The outcome of the 2014 Canada Economic Action Plan is promised to bring a balanced budget in 2015. The 2014 Canada Economic Action Plan focused on providing strong financial support towards public needs such as generating new jobs, fueling economic growth as well as improving the economic capabilities of all Citizens of Canada.
February 11, 2014
Ottawa, Ontario
Ministry of Finance
Jim Flaherty, the minister of finance has revealed his plans for the 2014 Canada Economic Action plan. It confirms that the government wishes to focus on returning the state of affairs to a balanced budget in the year 2015. This plan introduces new incentives, that are targeted to create new jobs, and create new opportunities in the uncertain world economy.
The government is on the road to recovery, via a strategy that seeks to maintain a low interest rate as well as maintaining programs and services that so many Canadians depend on.
The 2014 Canada Economic Action Plan will not introduce any novel taxes for Canadian businesses and families. In fact the 2014 strategy anticipates the decrease of the deficit to the $2.9 billion mark in 2014-2015, via adjusting the yearly spending by $3 billion yearly. In the years 2015-2016 the budget is expected to be in surplus to the extent of $6.4 billion, regardless of the fact that the yearly spending will be adjusted by $3 billion yearly.
Since its implementation in the year 2009, the Canada Economic Action Plan has achieved the highest success in creating new jobs, and has allowed Canada to be in the best financial position among the G-7 nations coming out of the 2008 financial crisis.
The 2014 Economic Action Plan is based on these achievements and it seeks to introduce beneficial incentives for investors to provide the needed growth in the Canadian economy as well as helping the creation of novel jobs.
Helping Create New Jobs and Providing Growth in the Economy:
- Introduction of Canadian job ministries, as well as improvements in services that provide jobs for the unemployed.
- Introduction of a new Canadian loan for practitioners, will allow absorb some of the costs required to obtain a degree and register as practitioners. This is focused for those who wish to obtain a nationally recognized (Red Seal) certification.
- Investing into reforming the eduction systems in native reserves, in partnerships with the native volunteers. This is achieved by regulating the People’s Education of Volunteering via the People’s Volunteers.
- Investments in programs that support the elderly as well as the handicapped by giving them access to the job market.
- Introduction of thousands of new paid jobs for young Canadians that are entering the job market.
- A giant investment of $500 million, in support of the automotive industry, as well as investments in forestry as well as mining, including many other sectors.
- Providing $1.5 billion in the next decade to the Canadian Improvement Fund and Canadian Academic Research at the University Level
Support for Families and Local Communities:
- Protecting consumer by supporting competitiveness as well as decreasing market prices for telecommunication companies. By introducing regulations that prevent companies to charge Canadians inflated prices for services and products sold on both sides of the Canadian / US border, price discrimination will need to be justified.

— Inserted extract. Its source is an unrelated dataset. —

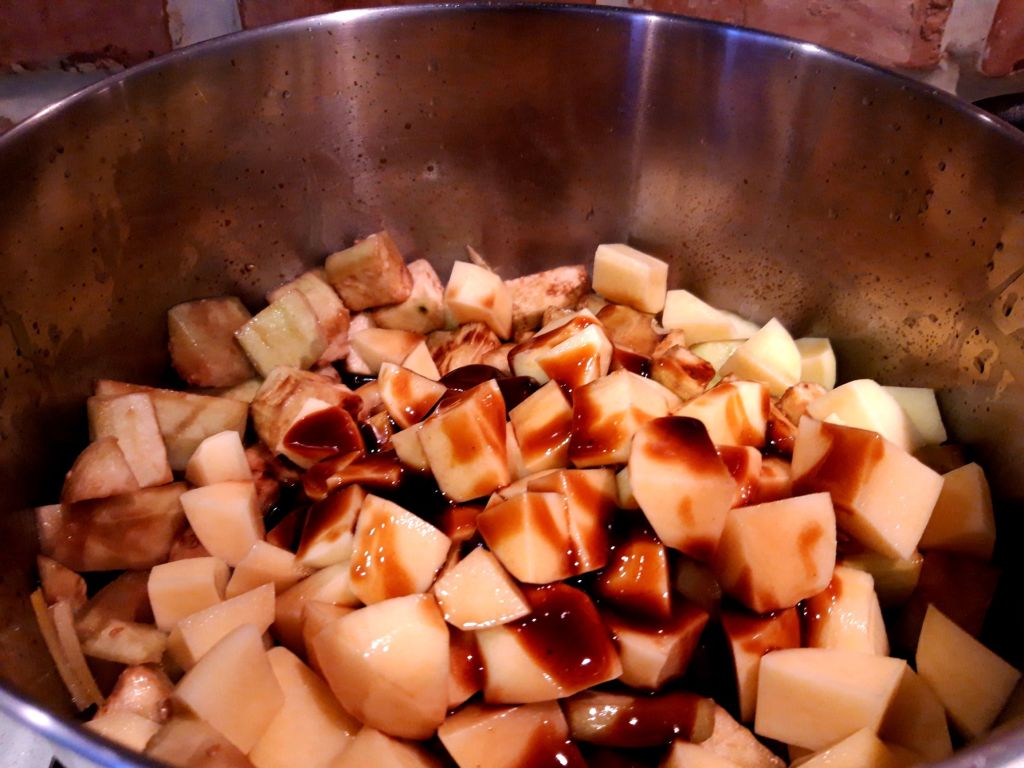 După ce vinetele și-au schimbat un pic culoarea adăugăm cartofii tăiați cuburi medii, sosul de soia, amestecăm bine și le lăsăm să se pătrundă la foc mic, sub capac. În funcție de cât de mult lichid este, poate fi nevoie să adăugăm o jumătate de pahar de apă.

- Eliminating fees for receiving paper bills.
- Increasing tax breaks for those who seek to adopt, to allow adoption to become more affordable for Canadian families.
- Expanding tax breaks in the health prevention sector by improving services provided by acupuncture health practitioners and natural medicine by eliminating HST.
- Strengthening the safety of Canadian families in terms of nutrition, by investing $390 million into the food sector.
- Investments in the range of $300 million to allow for high-speed internet access to rural regions of Canada and the far north.
- Protecting Canadians from natural disasters by dedicating $200 million towards disaster relief efforts.
- Creating new tax breaks for volunteers in the rescue services, to acknowledge the risks they take by volunteering for these jobs that provide the safety of all Canadians.
- Expanding the Soldier Burial Program, to allow for all Canadian soldiers access to a decent funeral.
Balancing the Budget:
- Speeding up government involvement in controlling direct funding to programs. This is done by proposing overall support for government workers by giving them long-term sustainable wages.
- Cooperation with Crown Corporations to achieve equal distribution of pension costs needed by pensioners as well as increasing the retirement age for new workers.
The Facts:
- Canadian economy is continuing to create new jobs: there is over a million more new Canadians that have gotten a job in comparison to the great recession.
- Since 2006, Canadians enjoy the greatest increase in income per capita in comparison to the other G7 countries.
- Since 2006, Canadian families in all income brackets achieved increased income in the range of 10 percent or more after taxes.
- Canadians in all income brackets enjoy tax breaks implemented by the government, in which Canadians in the low to middle income receive proportionately larger tax breaks. Today, the average 4 person Canadian family pays $3,400 less in taxes thanks to these tax breaks.
- Canada is one of a few countries that has still maintained a AAA rating as a stable economy from all rating agencies.
- Debt reduction prior to the global recession and spending cuts allowed Canada an overall ratio of national debt to GDP to the strongest level among the G7 countries and further one of the strongest among the developed G20 nations.